Output nothing but the lines from the beginning of the listing below through the line containing "For the best", exactly as they stand, without pictures.

Collected material –
-- Opening Marker --

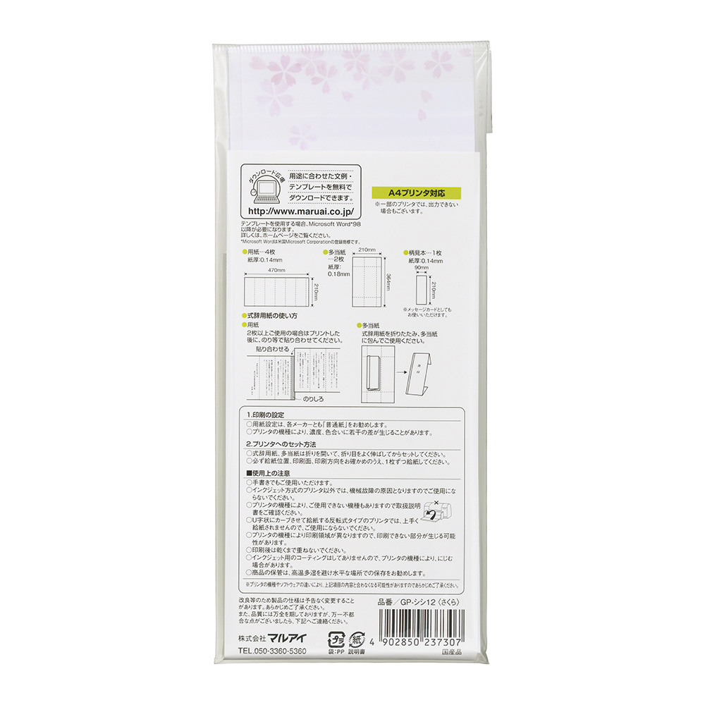 春のシーズンにピッタリのさくら柄のご家庭用のインクジェットのプリンタで印刷できる式辞用紙セット。
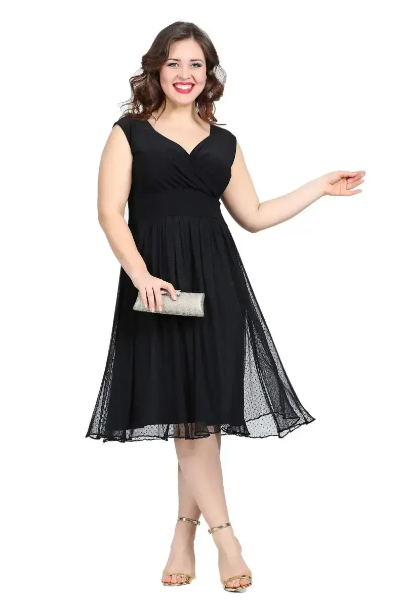 For the best care, please refer to the washing instructions provided on the product label. Elevate your wardrobe with the Women's Flexible Polka Dot Tulle Flexible Chic Midi Black Dress and turn heads wherever you go!
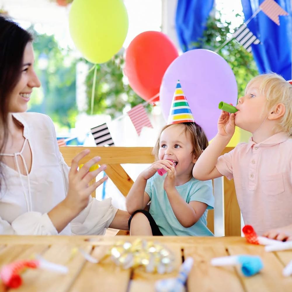 - FUN COLOR ASSORTMENT: Complement the fun noise with beautiful color. Every curated set includes a variety of pink, yellow, green, blue, and orange kids’ whistles. These little party noise makers measure approximately 2”; very easy to carry in your pocket for fun on the go.
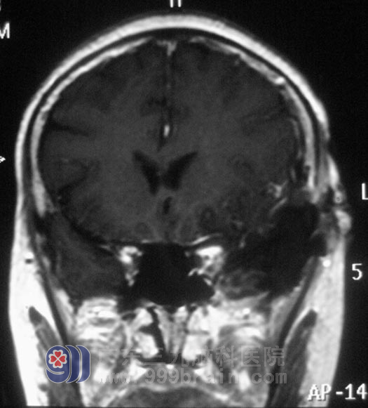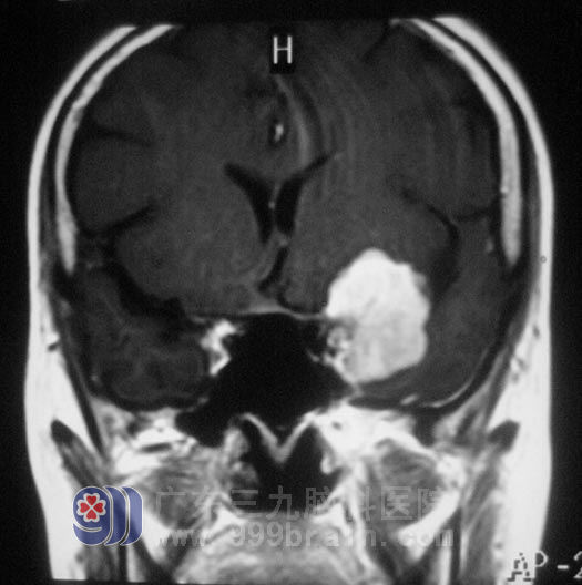 11月23日,由广东三九脑科医院综合神经外科 鲁明主任主刀,在全麻下行左侧蝶骨嵴脑膜瘤切除术+颅内压探头植入术,术中取左侧额颞弧形切口,在显微镜下见肿瘤呈灰白色,与大脑中动脉粘连紧密,予肿瘤全切,对视神经、动眼神经保护完好。术后黄女士经过一段时间的恢复,诉左眼视力较术前明显好转,肩周炎也在广东三九脑科医院得到了有效的治疗。术后病理结果:过渡型脑膜瘤 WHO I 级。http://www.999brain.com/

-- Closing Marker --

Written answer –
 春のシーズンにピッタリのさくら柄のご家庭用のインクジェットのプリンタで印刷できる式辞用紙セット。
 For the best care, please refer to the washing instructions provided on the product label. Elevate your wardrobe with the Women's Flexible Polka Dot Tulle Flexible Chic Midi Black Dress and turn heads wherever you go!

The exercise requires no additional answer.